§ **WORK INSTRUCTIONS**: Starting at the line with "It includes: metal" and stopping at the final line, retype the data below exactly; do not carry over any pictures.

§ **GIVEN INFORMATION**:
◆ ◆ ◆
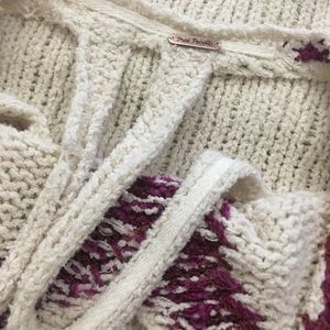 Beautiful knitted tank top - Perfect for this layering season - 2 tone color (cream and magenta/purple) - Racerback - Cotton/Rayon/Acrylic/Nylon - **NOTE: Small snag as shown in picture but not noticeable - SEE PICTURE. - Size tag is no longer attached but fits like a small as I wear a medium (measurements available upon request)
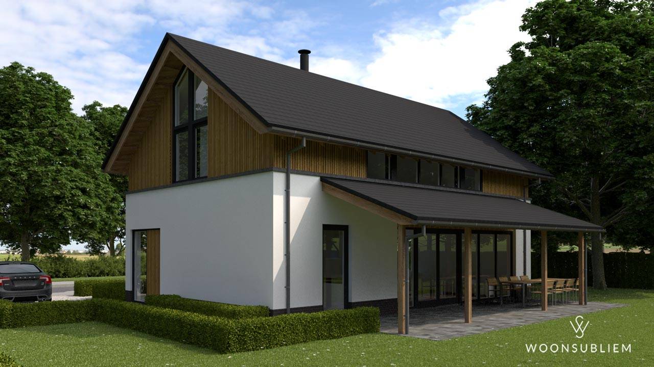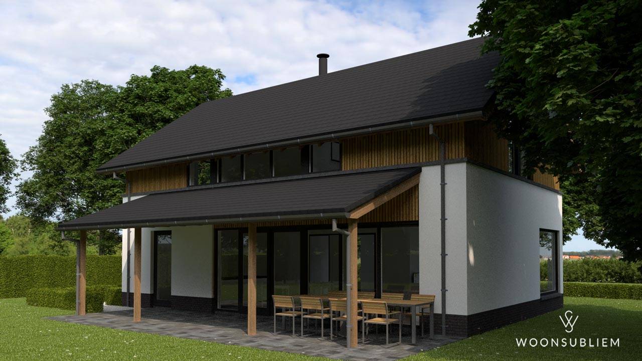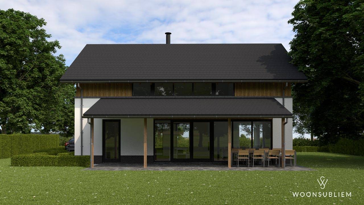 De combinatie van wit stucwerk, naturel hout en het antraciete dak & kozijnen zorgen voor een rustig geheel, waarbij de raampartijen als grote vlakken zijn vormgegeven.
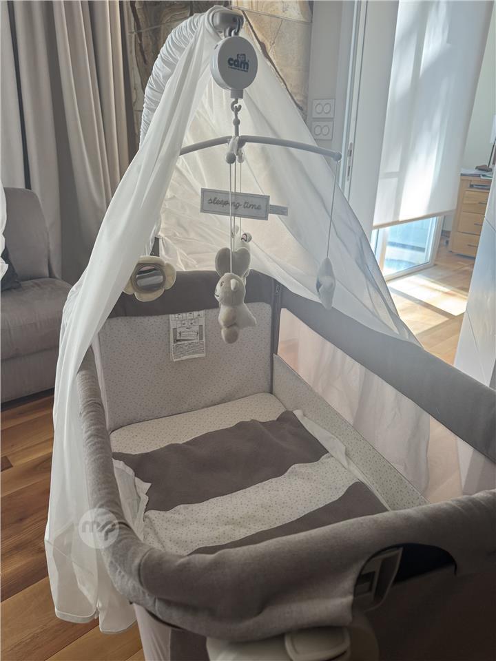 It includes: metal frame, removable rod for net and mobile, soft mattress (L 85 – W 50- H 3),
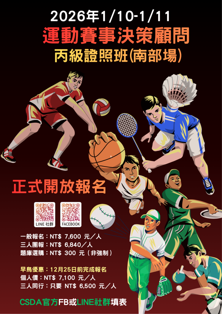 中華民國運動彩券發展協會(CSDA)宣布,115年度《運動賽事決策顧問 丙級證照班》將於2026年1月10日(六)、11日(日)正式在台南市開課!這不僅是課程首次南下,更是全台唯一通過 TTQS訓練品質管理系統(訓練機構版)評核的專業證照,現已全面開放報名!
◆ ◆ ◆
§ **RESPONSE TO THIS TASK**:
 It includes: metal frame, removable rod for net and mobile, soft mattress (L 85 – W 50- H 3),
 中華民國運動彩券發展協會(CSDA)宣布,115年度《運動賽事決策顧問 丙級證照班》將於2026年1月10日(六)、11日(日)正式在台南市開課!這不僅是課程首次南下,更是全台唯一通過 TTQS訓練品質管理系統(訓練機構版)評核的專業證照,現已全面開放報名!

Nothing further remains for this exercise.